I’ve been musing as to whether or not I was going to republish a recent essay from George Monbiot. The one in question being The Kink in the Human Brain. It opens, thus:
Pointless, joyless consumption is destroying our world of wonders.
By George Monbiot, published in the Guardian 2nd October 2014
This is a moment at which anyone with the capacity for reflection should stop and wonder what we are doing.
If the news that in the past 40 years the world has lost over 50% of its vertebrate wildlife (mammals, birds, reptiles, amphibians and fish) fails to tell us that there is something wrong with the way we live, it’s hard to imagine what could. Who believes that a social and economic system which has this effect is a healthy one? Who, contemplating this loss, could call it progress?
In fairness to the modern era, this is an extension of a trend that has lasted some two million years. The loss of much of the African megafauna – sabretooths and false sabretooths, giant hyaenas and amphicyonids (bear dogs), several species of elephant – coincided with the switch towards meat eating by hominims (ancestral humans). It’s hard to see what else could have been responsible for the peculiar pattern of extinction then.
My spirits continued downward, especially when I clicked on that first link and read this from the Guardian website:
Rubbish dumped on the tundra outside llulissat in Greenland stand in stark contrast to icebergs behind from the Sermeq Kujullaq or llulissat Ice fjord – a Unesco world heritage site. Photograph: Global Warming Images/WWF-Canon
The number of wild animals on Earth has halved in the past 40 years, according to a new analysis. Creatures across land, rivers and the seas are being decimated as humans kill them for food in unsustainable numbers, while polluting or destroying their habitats, the research by scientists at WWF and the Zoological Society of London found.
“If half the animals died in London zoo next week it would be front page news,” said Professor Ken Norris, ZSL’s director of science. “But that is happening in the great outdoors. This damage is not inevitable but a consequence of the way we choose to live.” He said nature, which provides food and clean water and air, was essential for human wellbeing.
“We have lost one half of the animal population and knowing this is driven by human consumption, this is clearly a call to arms and we must act now,” said Mike Barratt, director of science and policy at WWF. He said more of the Earth must be protected from development and deforestation, while food and energy had to be produced sustainably.
Then a few days ago, one of our neighbours sent me an email with his latest news about ISIS. This is what he sent:
Got this from one of my closest friends today, it came from his brother so I’m pretty confident that it’s true. There is some really bad stuff on the horizon and it’s probably gonna come this way like a runaway train!! Everybody better start thinking about where they want to stand when push comes to shove!

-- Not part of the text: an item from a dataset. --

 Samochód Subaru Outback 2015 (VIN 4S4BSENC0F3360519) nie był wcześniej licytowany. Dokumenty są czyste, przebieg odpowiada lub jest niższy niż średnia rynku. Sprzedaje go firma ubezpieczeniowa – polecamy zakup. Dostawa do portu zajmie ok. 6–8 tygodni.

With “this’ being in part:
Missionaries who are in the areas that are being attacked by ISIS. ISIS has taken over the town they are in today. He said ISIS is systematically going house to house to all the Christians and asking the children to denounce Jesus. He said so far not one child has. And so far all have consequently been killed. But not the parents. The UN has withdrawn and the missionaries are on their own. They are determined to stick it out for the sake of the families – even if it means their own deaths. They are very afraid, have no idea how to even begin ministering to these families who have had seen their children martyred. Yet he says he knows God has called them for some reason to be His voice and hands at this place at this time. Even so, they are begging for prayers for courage to live out their vocation in such dire circumstances. And like the children, accept martyrdom if they are called to do so. These brave parents instilled such a fervent faith in their children that they chose martyrdom. Please surround them in their loss with your prayers for hope and perseverance.

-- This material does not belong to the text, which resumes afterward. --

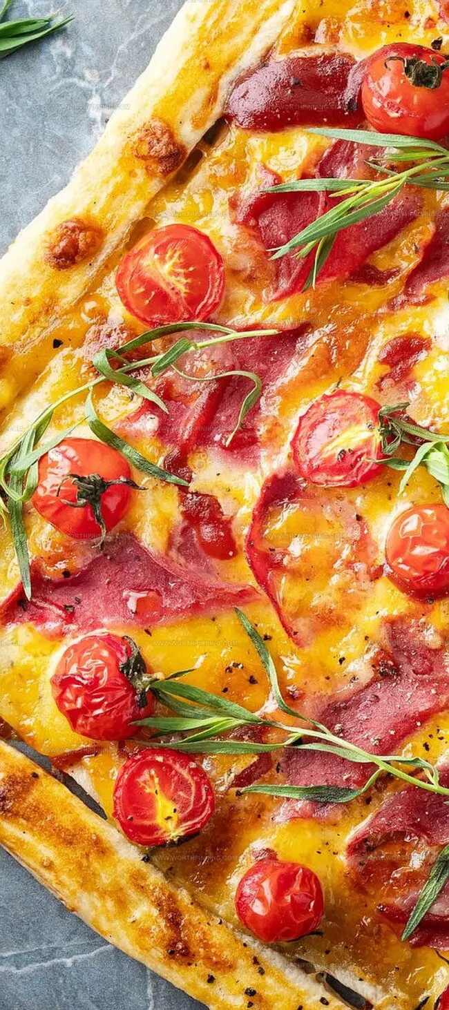 Culinary magic unfolds with Alton Brown’s tomato tart, a symphonic blend of caramelized onions, golden pastry, and sun-kissed tomatoes.

One missionary was able to talk to her brother briefly by phone. She didn’t say it, but I believe she believes it will be their last conversation. Pray for her too. She said he just kept asking her to help him know what to do and do it. She told him to tell the families we ARE praying for them and they are not alone or forgotten — no matter what. Please keep them all in your prayers.
Love the poem/verse Illusion. The lines, Following the herd, bleating like sheep, Held captive, half asleep. hit a strong note with me.
As we often wonder why people can’t think for themselves outside the box but then again maybe that is part of being human. Life is a mystery isn’t it? Enjoyed the post,
Maria’s comment about life being a mystery was interpreted by me as humans being a mystery and the realisation that it has ever been so. For it resonated with a recent programme over on the BBC that included information on the ancient Teotihuacan people who ruled in what is present-day Mexico some 2,000 years ago. From Wikipedia:
View of the Avenue of the Dead and the Pyramid of the Sun, from Pyramid of the Moon (Pyramide de la Luna).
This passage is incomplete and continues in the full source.